Les conseils d’Abi (Abi’s Journal) pour se re-connecter à soi grâce aux sens

7 Shares
5
0
2

Abigail Taugwalder est le genre de femme qui n’arrête jamais. Déjà à l’initiative du blog Abi’s Journal, dans lequel elle aborde tout un tas de sujets allant de la beauté au wellness en passant par la cuisine… Elle donne également des cours de Yin Yoga, de Breathwork, de méditation et de Reiki. Des disciplines qui permettent de se reconnecter à soi même, grâce au décuplement des sens. Confinement oblige, nous avons eu envie de recueillir ses différents tips pour pouvoir vivre ce moment historique avec plus de sérénité… Rencontre.

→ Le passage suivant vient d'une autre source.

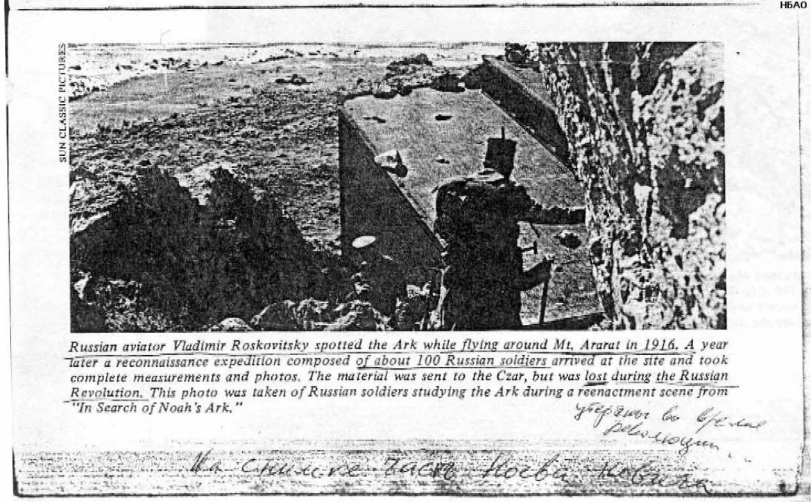 В следующий раз про Росковицкого вспомнил исследовать Эрил Каммингс, который на протяжении многих лет занимался именно изучением тайны Ноева ковчега. Как-то в Нью-Йорке он встречался с полковником Александром Коором, написавшем в 1945 году в одной из эмигрантских газет заметку, где рассказывал, что в 1916 году был командирован к Арарату для защиты перевала. И, находясь там, он слышал расходившиеся по полку слухи о найденном поблизости Ноевом ковчеге. Коор подтвердил уже имевшуюся информацию и даже сказал, что в отряде, занимавшемся изучением объекта, был его друг по фамилии Руянский. Дополнил он своей рассказ тем, что на полу ковчега находили явные следы ржавчины. Коор также утверждал, что на Арарате им были найдены клинописные надписи, описывающие историю Потопа. При этом никакого Росковицкого он так и не вспомнил.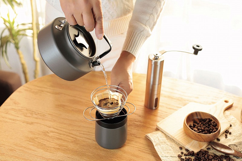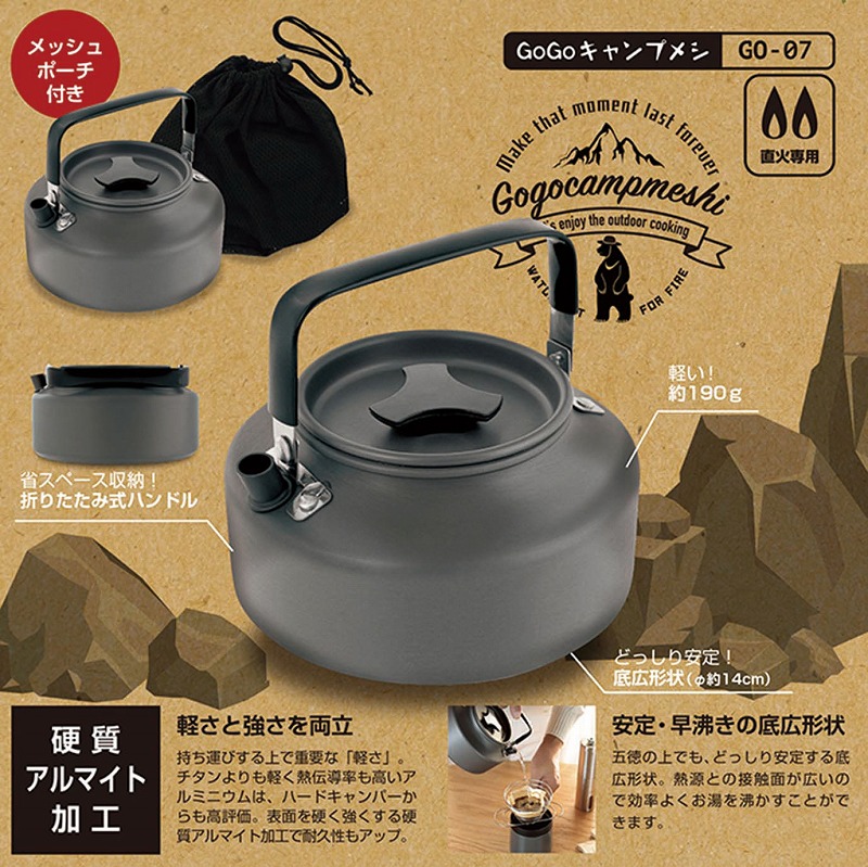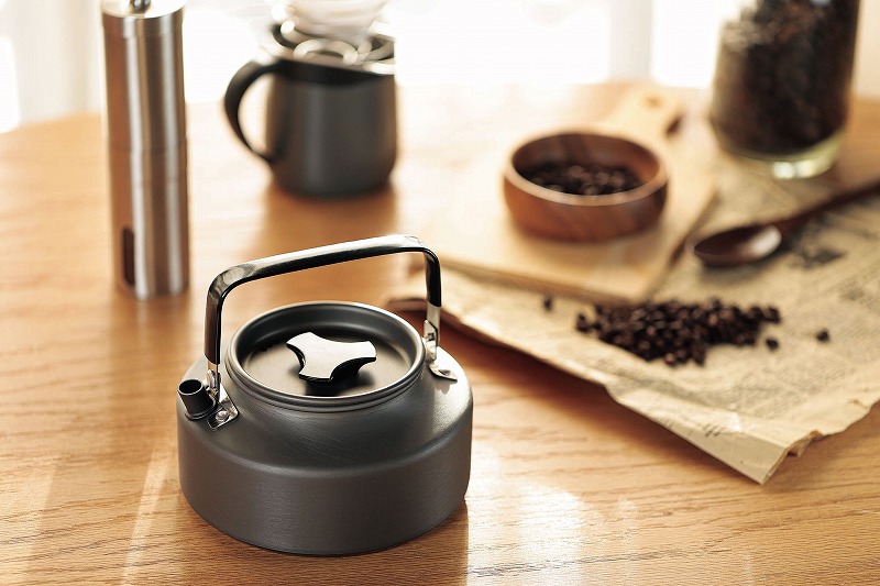 チタンよりも軽く熱伝導率が高いアルミニウム、表面を固く強くする硬質アルマイト加工で軽さと強さを両立。どっしり安定する底広形状で効率よくお湯を沸かすことができます。

Bonjour Abi et merci de répondre à cette interview. Avec le confinement, les obligations du quotidien et la vie de famille, il est parfois difficile de se sentir en harmonie avec soi-même. Quels sont tes conseils pour se reconnecter ? 

C’est vrai, il est facile de perdre sa concentration et de se laisser emporter par le tourbillon des médias négatifs. C’est un défi pour nous tous mais c’est aussi une chance de sortir de notre zone de confort, d’essayer de faire les choses différemment et d’être ouverts à un changement de perspective.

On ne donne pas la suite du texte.